Working data
--------------------------------

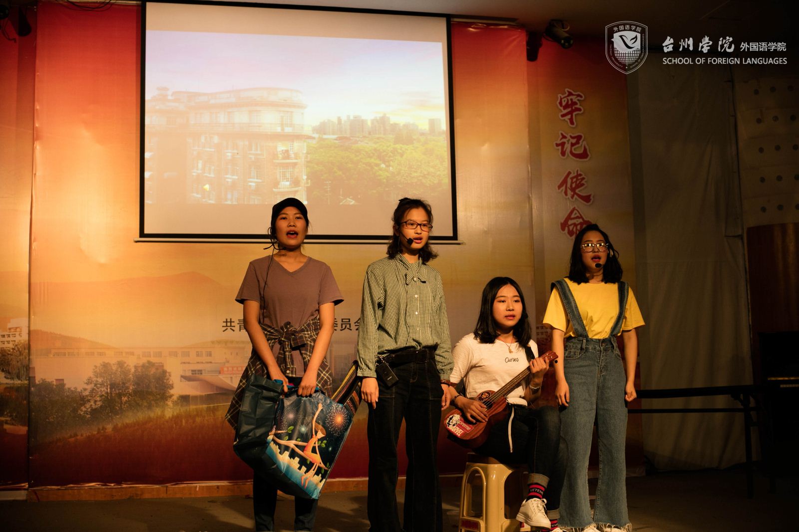 4月8日晚,外国语学院2018年度团支部文化比赛在临海校区大学生活动中心举行。学院党总支副书记金宏伟,浙江省曲艺家协会会员、临海曲协主席、文化馆副馆长刘一军老师和2017级班主任、学院辅导员,以及在场的同学一起观看了演出。
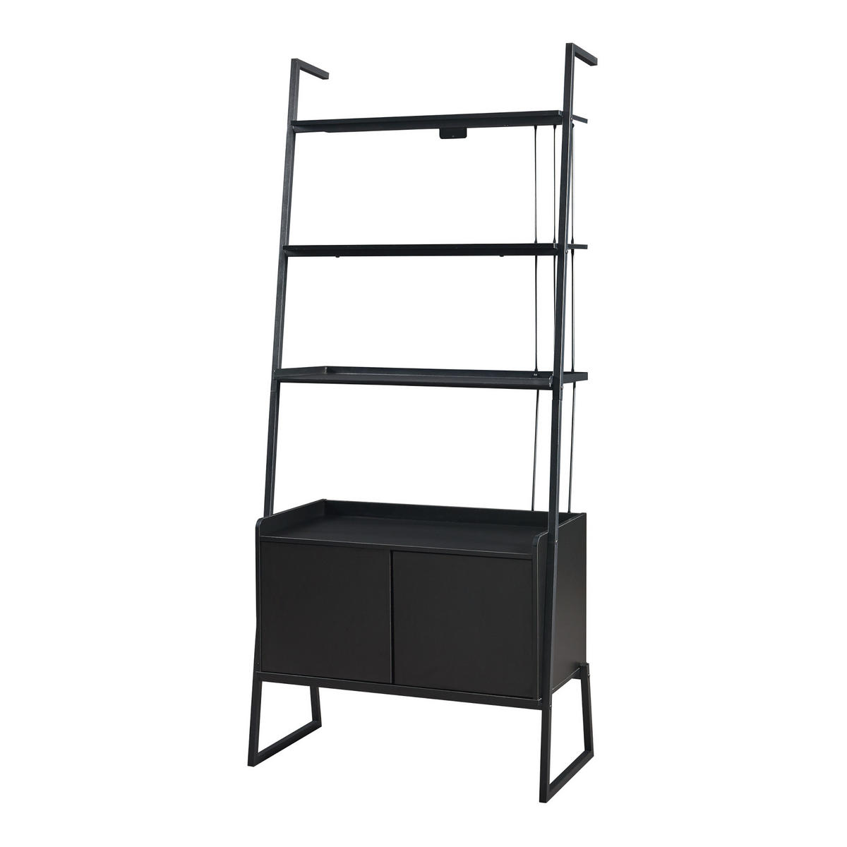 Táto elegantná rebríková polica spája funkčnosť s moderným dizajnom a slúži ako štýlové riešenie na ukladanie a vystavovanie rôznych predmetov. Vďaka štyrom priestranným policiam a spodnej skrinke poskytuje dostatok priestoru na všetky druhy predmetov. Poličky rebríkového regálu sú ideálne na štýlové vystavenie rastlín, obrazov alebo dekorácií. Otvorený dizajn umožňuje všestranné využitie a uľahčuje zvýraznenie vašich obľúbených kúskov. Šatníková skriňa má dvoje dverí, ktoré sa dajú otvoriť ľahkým zatlačením vďaka technológii push-to-open. Vnútro skrine ponúka ďalší úložný priestor na knihy, DVD alebo dokumenty.
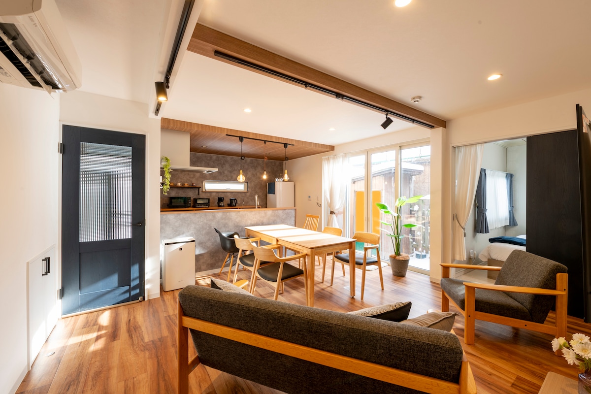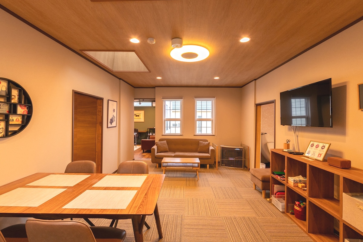 【宽敞平房】亲子首选 / 厨具齐全 / 按摩椅 / 步行5分至车站 这是一栋翻新过的日式单层古民家(3LDK)。 特点是**“宽敞”且“无楼梯”**,3间卧室均直通客厅,非常适合带老人和小孩的家庭。 设施与厨房: 房内有整体厨房(System Kitchen)和齐全厨具。您可以去附近的超市(步行5分)购买函馆海鲜,亲自下厨。还有按摩椅和孩子喜欢的玩具! 位置与注意事项: 位于函馆西端的安静住宅区,虽然远离市中心喧嚣,但前往主要观光区(索道、仓库群)仅需车程5分钟。 路面电车站(终点站):步行5分钟 便利店 & 超市:步行5分钟 温馨提示:从电车站到房源是一段缓坡。虽不陡峭,但若携带大件重行李,请您留意。 期待您在此留下难忘的回忆!
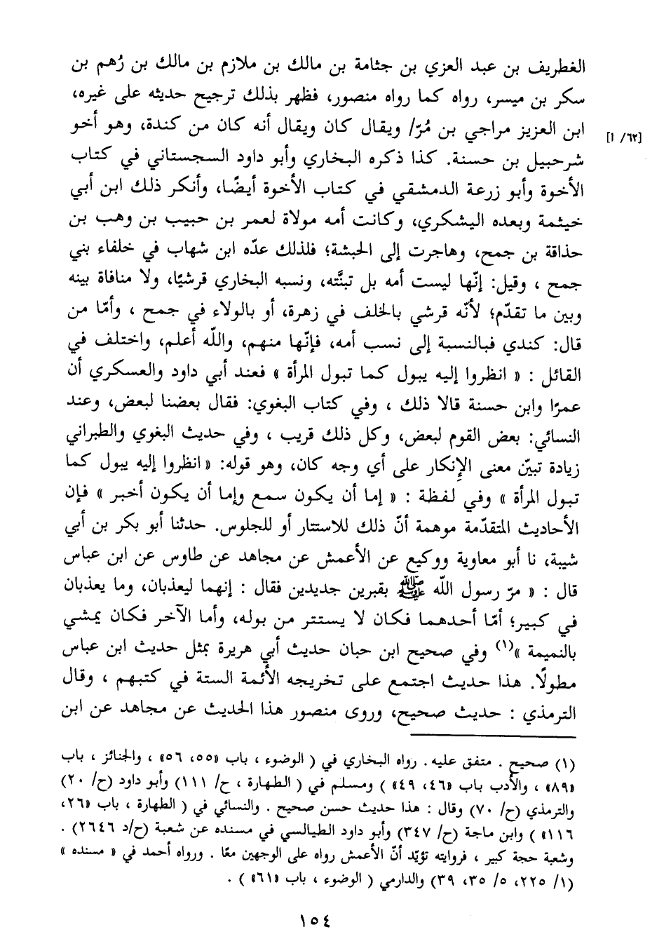 تبول المرأة " وفيَ لفظة: " إما أن يكون سمع وإما أن يكون أخبر " فإن
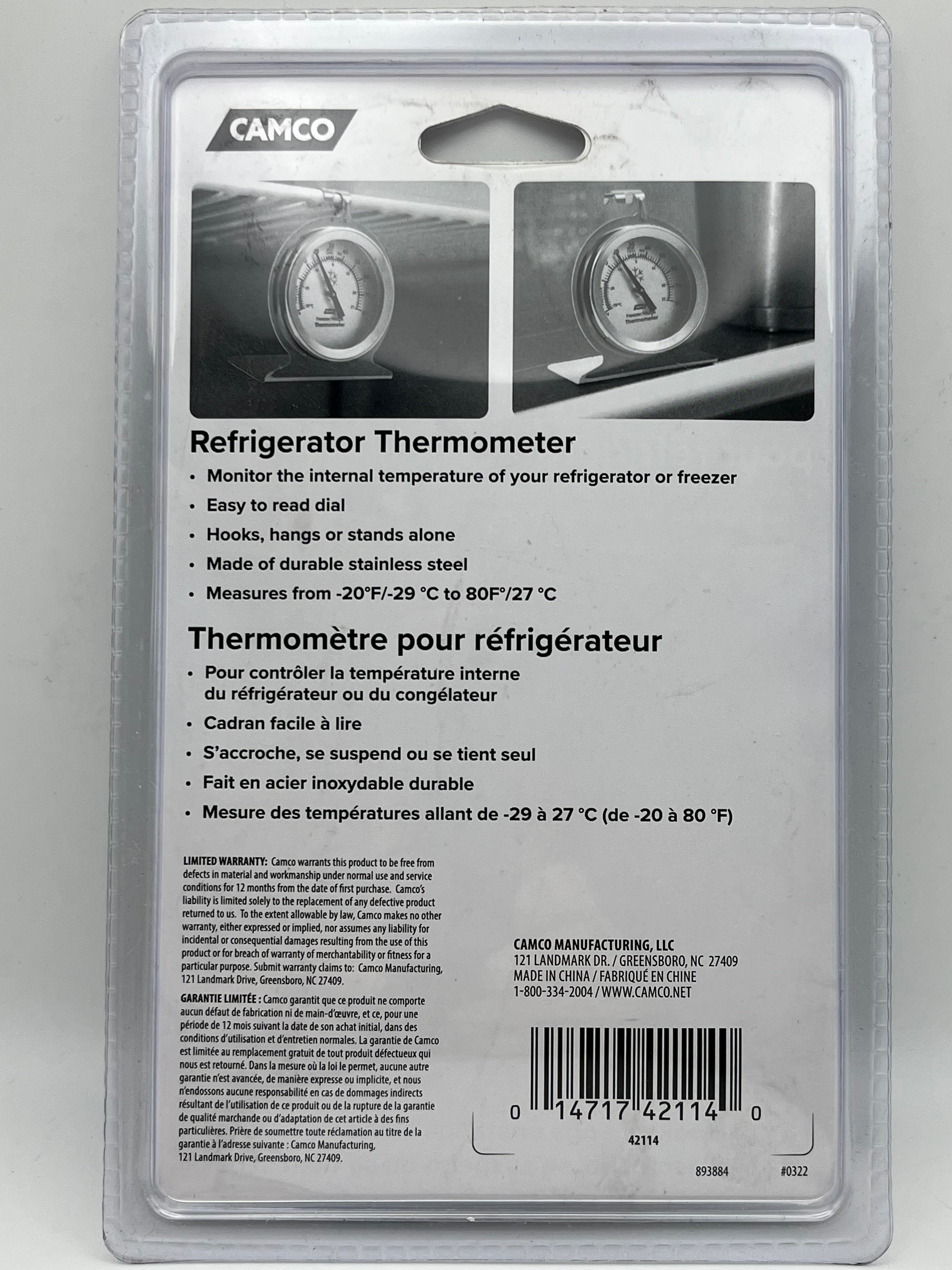 Thermometer; Use To Measure Refrigerator Temperature; Analog Display; Mounted; Silver; Stainless Steel; Single

--------------------------------

Task directions
Only the lines from the one containing "Táto elegantná rebríková" through the last line of the entries above belong in the copy; reproduce them exactly and drop every picture.

Reply to the exercise
 Táto elegantná rebríková polica spája funkčnosť s moderným dizajnom a slúži ako štýlové riešenie na ukladanie a vystavovanie rôznych predmetov. Vďaka štyrom priestranným policiam a spodnej skrinke poskytuje dostatok priestoru na všetky druhy predmetov. Poličky rebríkového regálu sú ideálne na štýlové vystavenie rastlín, obrazov alebo dekorácií. Otvorený dizajn umožňuje všestranné využitie a uľahčuje zvýraznenie vašich obľúbených kúskov. Šatníková skriňa má dvoje dverí, ktoré sa dajú otvoriť ľahkým zatlačením vďaka technológii push-to-open. Vnútro skrine ponúka ďalší úložný priestor na knihy, DVD alebo dokumenty.
 【宽敞平房】亲子首选 / 厨具齐全 / 按摩椅 / 步行5分至车站 这是一栋翻新过的日式单层古民家(3LDK)。 特点是**“宽敞”且“无楼梯”**,3间卧室均直通客厅,非常适合带老人和小孩的家庭。 设施与厨房: 房内有整体厨房(System Kitchen)和齐全厨具。您可以去附近的超市(步行5分)购买函馆海鲜,亲自下厨。还有按摩椅和孩子喜欢的玩具! 位置与注意事项: 位于函馆西端的安静住宅区,虽然远离市中心喧嚣,但前往主要观光区(索道、仓库群)仅需车程5分钟。 路面电车站(终点站):步行5分钟 便利店 & 超市:步行5分钟 温馨提示:从电车站到房源是一段缓坡。虽不陡峭,但若携带大件重行李,请您留意。 期待您在此留下难忘的回忆!
 تبول المرأة " وفيَ لفظة: " إما أن يكون سمع وإما أن يكون أخبر " فإن
 Thermometer; Use To Measure Refrigerator Temperature; Analog Display; Mounted; Silver; Stainless Steel; Single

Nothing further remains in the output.